When we first started developing ORES, we realized that interpreting the likelihood estimates of our prediction models would be crucial to using the predictions effectively. Essentially, the operational concerns of Wikipedia's curators need to be translated into a likelihood threshold. For example, counter-vandalism patrollers seek catch all (or almost all) vandalism before it is allowed to stick in Wikipedia for very long. That means they have an operational concern around the recall of a damage prediction model. They'd also like to review as few edits as possible in order to catch that vandalism. So they have an operational concern around the filter rate -- the proportion of edits that are not flagged for review by the model[1].

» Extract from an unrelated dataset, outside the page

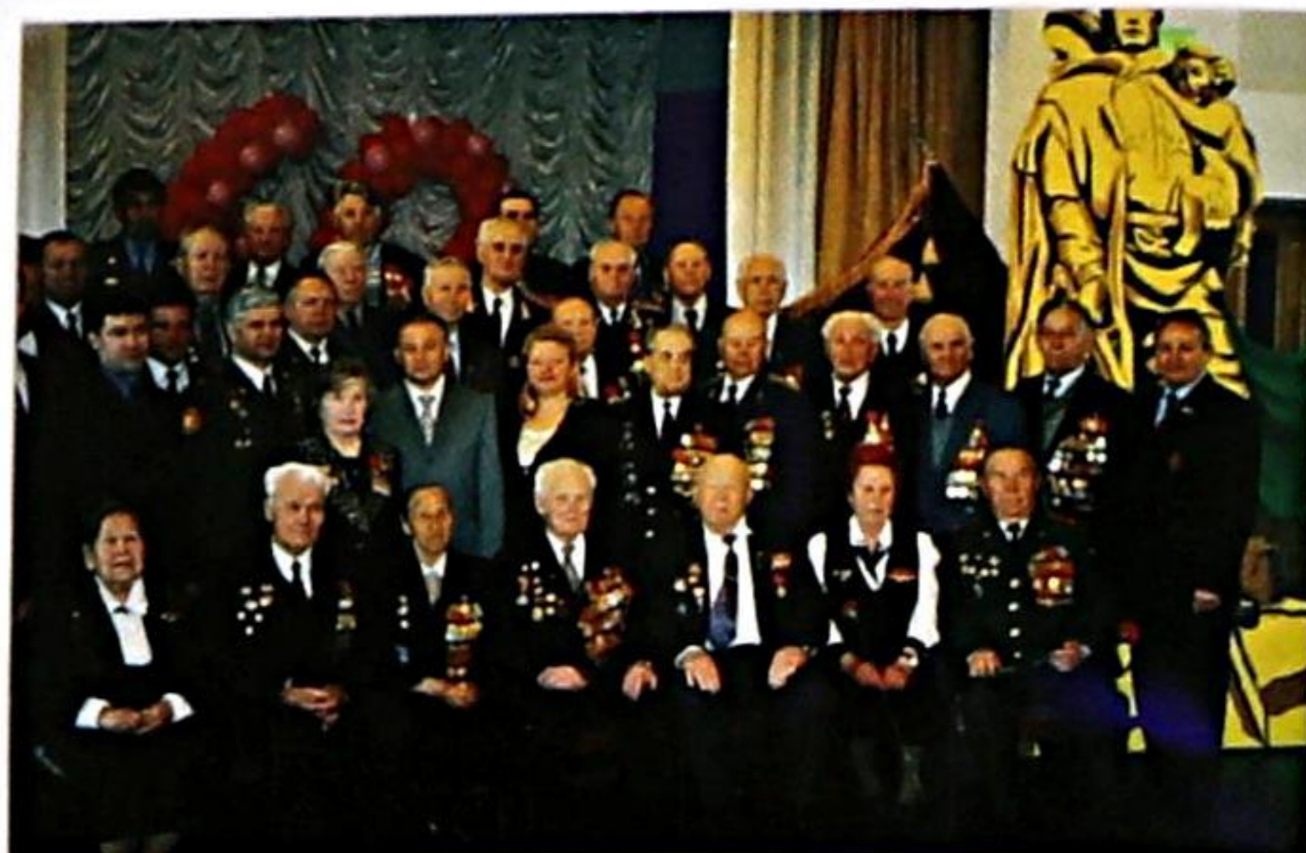
На приеме у главы города Находки 7 мая 2005 года

Да и сегодня не сидится дома ветерану. То приходит на площадь на митинг, то встретил его 22 апреля с цветами Владимиру Ильичу. А чаще его можно застать в комитете Народно-патриотического союза, где он активно, так же, как и всю жизнь, работает.

By finding the threshold of prediction likelihood that optimizes the filter-rate at a high level of recall, we can provide vandal-fighters with an effective trade-off for supporting their work. We refer to these optimizations in ORES as threshold optimizations and ORES provides information about these thresholds in a machine-readable format so that tools can automatically detect the relevant thresholds for their wiki/model context.
Originally, when we developed ORES, we defined these threshold optimizations in our deployment configuration. But eventually, it became apparent that our users wanted to be able to search through fitness metrics to adapt their own optimizations. Adding new optimizations and redeploying quickly became a burden on us and a delay for our users. So we developed a syntax for requesting an optimization from ORES in realtime using fitness statistics from the models tests. E.g. "maximum recall @ precision >= 0.9" gets a useful threshold for a counter-vandalism bot or "maximum filter_rate @ recall >= 0.75" gets a useful threshold for semi-automated edit review (with human judgement).
Example:
https://ores.wikimedia.org/v3/scores/enwiki/?models=damaging&model_info=statistics.thresholds.true.'maximum filter_rate @ recall >= 0.75'
Returns:
{"threshold": 0.299, ..., "filter_rate": 0.88, "fpr": 0.097, "match_rate": 0.12, "precision": 0.215, "recall": 0.751}
This result shows that, when a threshold is set on 0.299 likelihood of damaging=true, then you can expect to get a recall of 0.751, precision of 0.215, and a filter-rate of 0.88. While the precision is low, this threshold reduces the overall workload of vandal-fighters by 88% while still catching 75% of (the most egregious) damaging edits.